Kimberly Hively was a part-time adjunct professor at a community college for several years but was denied six full-time positions over a five-year period. When her part-time contract was finally not renewed, she sued, alleging that the decisions were motivated purely by the fact that she is a lesbian. The trial court granted Ivy Tech’s motion to dismiss, finding that Title VII did not protect claims of sexual orientation discrimination.

In late July, a 7th Circuit panel (Judges Bauer, Ripple, and Rovner) upheld the dismissal, explaining that it was bound by 7th Circuit precedent holding that sexual orientation was not protected. Although sympathetic to Ms. Hively’s plight, without U.S. Supreme Court or Congressional action, the panel wrote that it was compelled to find that sexual orientation was not recognized as a protected status under Title VII. 830 F.3d 698 (2016). 

On October 11, 2016, however, the 7th Circuit withdrew the opinion and granted Ms. Hively’s motion for rehearing en banc before the entire court (2016 WL 6768628, Oct. 11, 2016). Oral arguments took place on November 30. In an 8-3 decision authored by Chief Judge Diane Wood on April 4, 2017, the court reversed the trial court decision dismissing Ms. Hively’s complaint.

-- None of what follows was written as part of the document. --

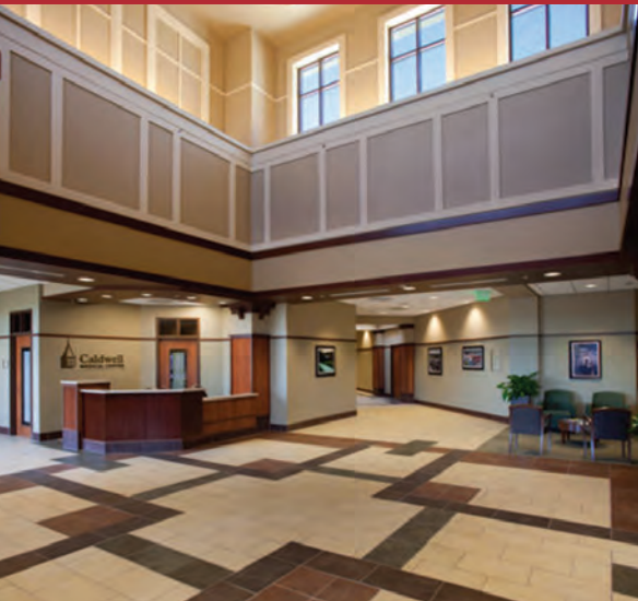
CALDWELL COUNTY HOSPITAL, PRINCETON, KY.

In essence, the majority found that discrimination on the basis of sexual orientation is “a subset of actions taken on the basis of sex.” The court agreed with Hively’s arguments that Ivy Tech would not have treated her adversely if she were a man in a relationship with a woman (comparative discrimination, including concepts of gender non-conformity) and that prohibited sex discrimination also includes discrimination on the basis of her right to associate intimately with a person of the same sex (associational discrimination). 

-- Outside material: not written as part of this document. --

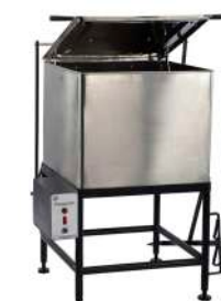
YSU-613 STERI BOWL STERILIZER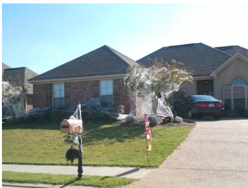
516 Springhill Crossing – 3 rd Place

Judge Sykes’ dissent was critical of the majority and concurring opinions’ apparent stray from statutory construction principles, chiding the majority for circumventing the legislative process in favor of what Judge Sykes viewed as a judicially created amendment to Title VII. Focusing more on originalism principles, the dissent felt bound to analyze Title VII’s definition of “sex” at the time of its enactment, not in contemporary terms. Therefore, Judge Sykes found that classifying individuals on the basis of sexual orientation is different from classifying individuals by sex because sexual orientation discrimination does not draw the male/female distinctions required by Title VII, especially where homosexual versus heterosexual distinctions were not contemplated by the drafters at the time of Title VII’s enactment.

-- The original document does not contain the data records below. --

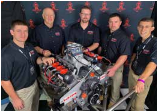
Engine Masters Challenge Extreme LS Champion • 801@7100 HP • 619@5900 TQ

The 2019 Engine Masters Challenge saw SAM Tech return to their championship ways, winning the Extreme LS Class. This marks the fifth time SAM Tech has won an Engine Masters class. The student and instructor built engine is a 440 ci LSX Block with LS7 CID heads. This is an EFI combination, run on the Holley HP system. In addition to winning Extreme LS, SAM Tech took home the titles of Horsepower King and Torque Monster as the engine made the most horsepower and torque for both EMC classes. Congratulations to all the students and instructors, winning the Extreme LS class would not be possible without their months of dedication and hard work.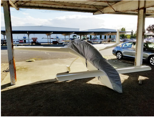
Rutan Vari EZ Travel Cover/Nose/Engine Cover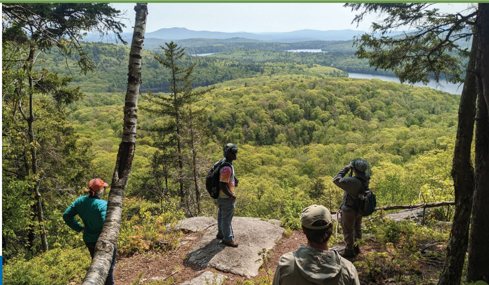
▲ An Internship with a View The 2023 conservation internship team takes in the view while documenting trail conditions in the Harris Center’s trail network.

Unless and until the Supreme Court takes up the challenge of resolving the conflict, whether sexual orientation is a protected status under Title VII depends on the jurisdiction where your company conducts business. Regardless of the status of the law, many employers already have policies in place that prohibit discrimination on the basis of sexual orientation, and there would be no reason to alter those policies now. But the Hively decision is a game-changer in the Title VII arena, and how the decision will impact other courts remains to be seen.